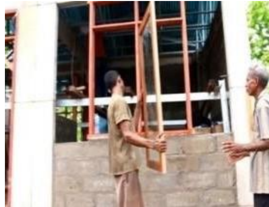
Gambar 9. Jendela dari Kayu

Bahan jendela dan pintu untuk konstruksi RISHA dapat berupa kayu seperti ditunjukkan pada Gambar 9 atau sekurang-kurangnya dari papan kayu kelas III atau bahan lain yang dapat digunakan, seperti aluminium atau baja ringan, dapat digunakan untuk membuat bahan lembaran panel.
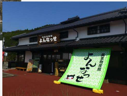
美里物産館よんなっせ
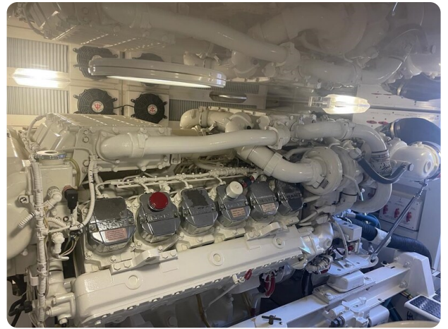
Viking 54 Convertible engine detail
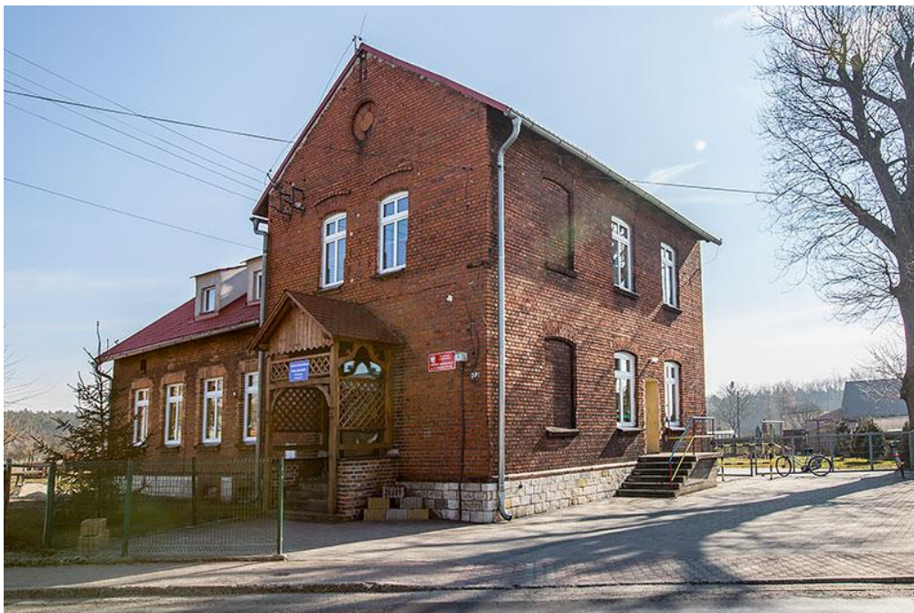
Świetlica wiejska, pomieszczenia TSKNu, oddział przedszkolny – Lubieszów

--

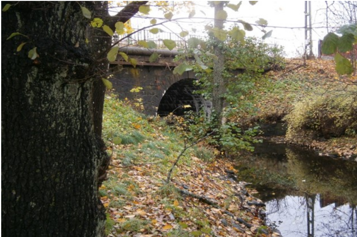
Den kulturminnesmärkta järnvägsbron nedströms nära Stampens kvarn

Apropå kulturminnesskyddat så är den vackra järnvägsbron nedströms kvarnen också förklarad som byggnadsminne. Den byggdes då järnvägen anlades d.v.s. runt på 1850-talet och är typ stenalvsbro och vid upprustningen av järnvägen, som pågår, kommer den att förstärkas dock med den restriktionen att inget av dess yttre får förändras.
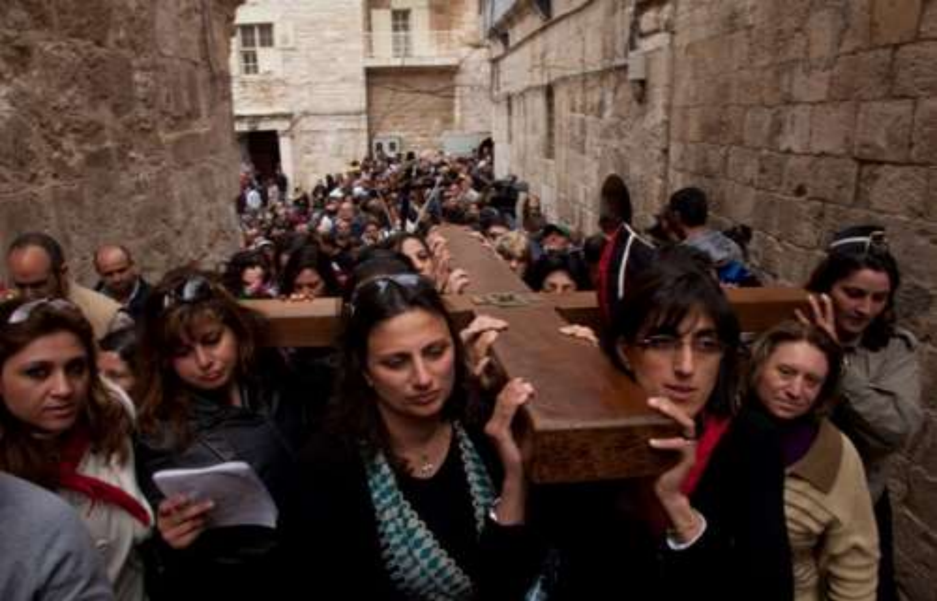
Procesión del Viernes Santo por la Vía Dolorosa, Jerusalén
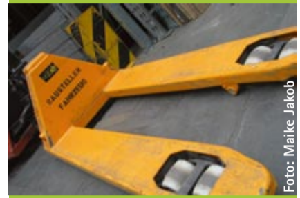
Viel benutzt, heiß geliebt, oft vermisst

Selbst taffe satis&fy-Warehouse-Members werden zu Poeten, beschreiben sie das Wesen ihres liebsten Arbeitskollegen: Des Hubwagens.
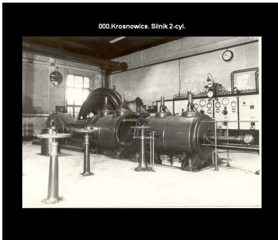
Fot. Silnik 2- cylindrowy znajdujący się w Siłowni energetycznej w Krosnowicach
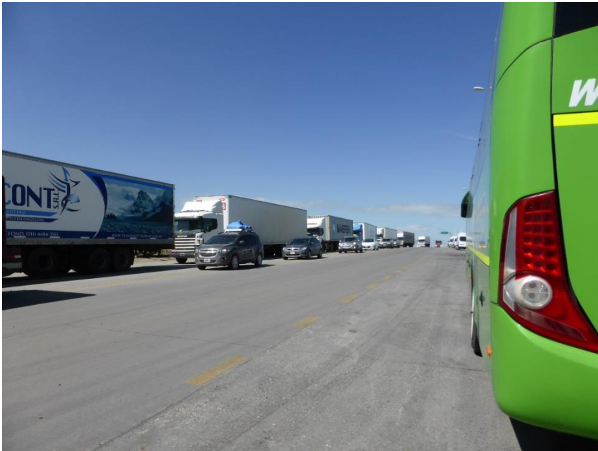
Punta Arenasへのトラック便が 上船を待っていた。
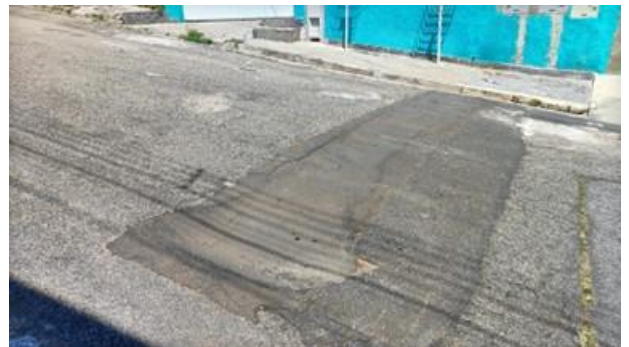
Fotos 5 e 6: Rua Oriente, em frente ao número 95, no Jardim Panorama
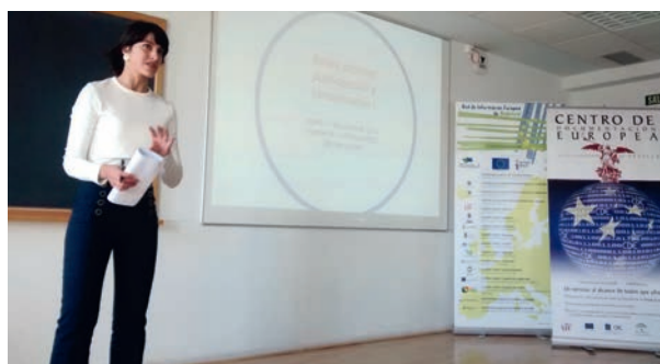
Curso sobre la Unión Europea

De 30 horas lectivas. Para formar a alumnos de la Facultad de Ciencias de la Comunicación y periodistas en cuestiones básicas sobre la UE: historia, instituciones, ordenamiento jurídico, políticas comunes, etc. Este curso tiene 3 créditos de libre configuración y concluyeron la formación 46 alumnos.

DESCRIPTION OF THE TASK:
Pictures aside, print exactly the lines above starting with the one containing "Viking 54 Convertible engine detail" and going on through the one containing "Świetlica wiejska, pomieszczenia".

OUTPUT FOR THIS EXERCISE:
Viking 54 Convertible engine detail
Świetlica wiejska, pomieszczenia TSKNu, oddział przedszkolny – Lubieszów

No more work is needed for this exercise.